En los últimos años,la sal del Himalaya se ha convertido en el nuevo superhéroe de la cocina para los fanáticos de la alimentación saludable. Con su llamativo color rosado muchos la ven como la mejor alternativa a la tradicional sal de mesa.

Sin embargo, el internista Mauricio González decidió desacreditar este mito y arrojar un poco de luz detrás de este popular ingrediente en un video que llama la atención en su cuenta de Instagram.

¿Qué contraindicaciones tiene la sal del Himalaya?

Primero que nada, el doctor González alerta sobre un posible problema de salud pública relacionado con el consumo de sal del Himalaya.

Asegura que, aunque se publicita como una opción más saludable, la realidad es bastante diferente.

Un punto que destaca es que en muchos países no se requiere que se añada yodo a esa sal. A diferencia de la sal de mesa yodada, que sí lo incluye, la falta de yodo en la sal del Himalaya puede llevar a problemas como el bocio, agrandamiento de la glándula de la tiroides.

“Esto puede ser un problema de salud pública porque el yodo nos protege del bocio”, apunta.

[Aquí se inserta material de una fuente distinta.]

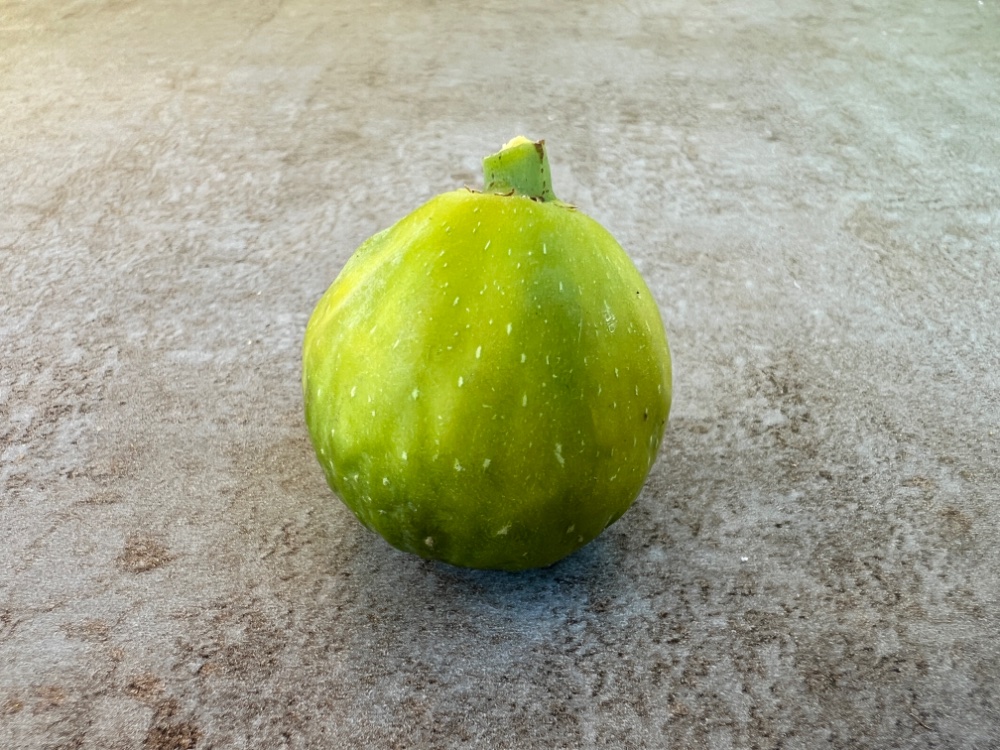 Gegessen haben wir die reife Feige unten im Bild, sowie eine weitere, die hier nicht zu sehen ist. Interessant finde ich, dass diese beiden Exemplare urlaubsbedingt schon leicht überreif waren sowie durch das heiß-trockene Wetter trotz automatischer Bewässerung leicht dehydriert. Man sagt dieser Feige ja auch nach, dass die Früchte am Baum trocknen können, und danach sieht mir das hier aus.
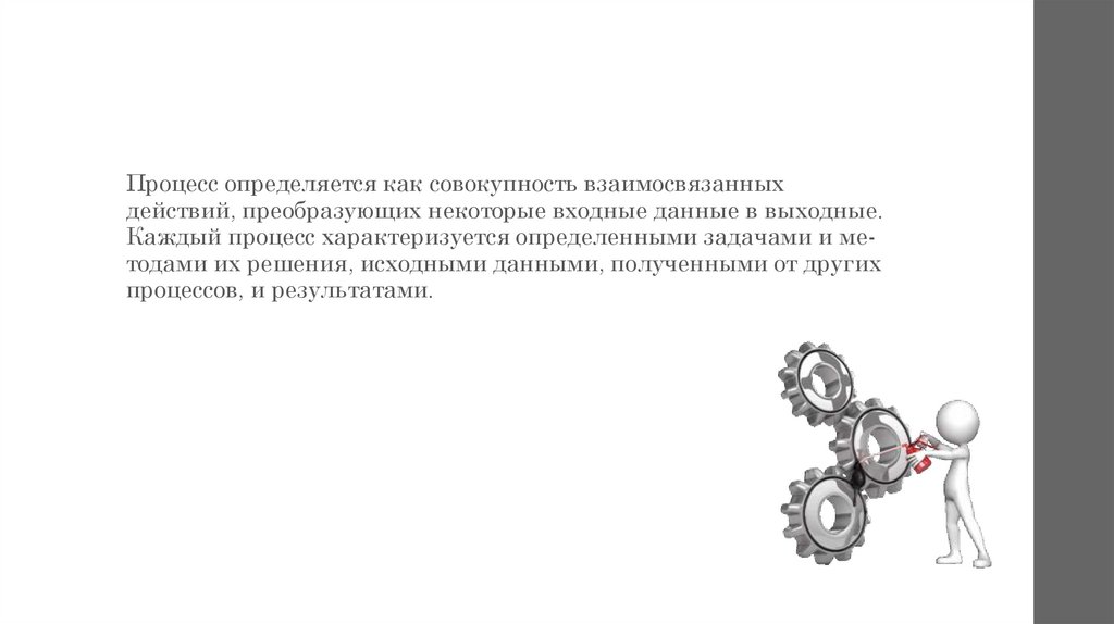 Процесс определяется как совокупность взаимосвязанныхдействий, преобразующих некоторые входные данные в выходные.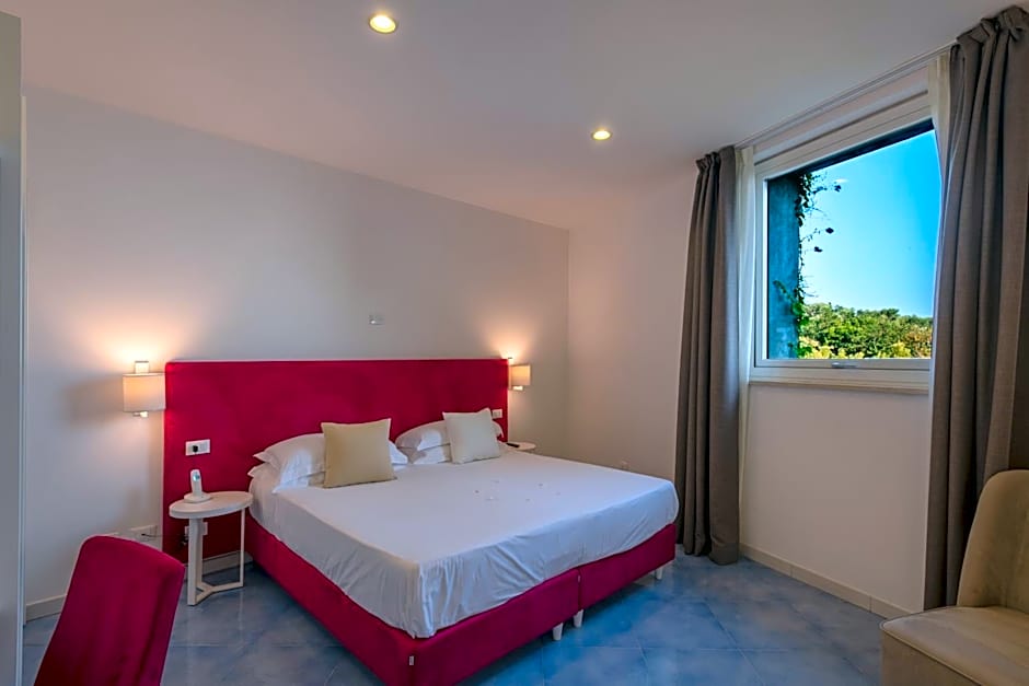 An adults-only oasis along Sorrento’s coast, this chic retreat invites travelers to unwind in style. The rooftop infinity pool, open seasonally, offers panoramic views that pair perfectly with sun-drenched days and seaside sunsets. A private entrance leads to a lively bar, a sun deck, and a terrace, while soundproof rooms and a 24-hour front desk ensure a private, hassle-free escape.

El médico también menciona que, aunque la sal del Himalaya contiene “minerales importantes”, la concentración de estos minerales es tan baja que son prácticamente irrelevantes para la salud.

El doctor advierte que en algunas ocasiones, incluso podría contener minerales no tan deseables, como el plomo.

Otro mito que desmantela González es la supuesta ventaja de la sal del Himalaya en lo que respecta a la presión arterial.

Muchos afirman que, al contener menos sodio, es menos dañina que la sal de mesa. No obstante, el doctor señala que ambas sales tienen prácticamente la misma cantidad de sodio por porción. La diferencia es minúscula, y no lo suficiente para justificar su fama de saludable.

Por supuesto, si aún así se opta por incluir sal del Himalaya en la dieta, es bueno tener en cuenta que, a pesar del marketing y las tendencias, lo más probable es que la simple y modesta sal de mesa sea igual de buena (o mala) para la salud.

“Si quieres consumirla y estás dispuesto a pagar el precio exagerado, está bien. Cada quien es libre de hacer esto, pero es muy poco probable que la sal del himalaya sea más saludable que la simple y austera sal de mesa”, puntualiza el doctor González.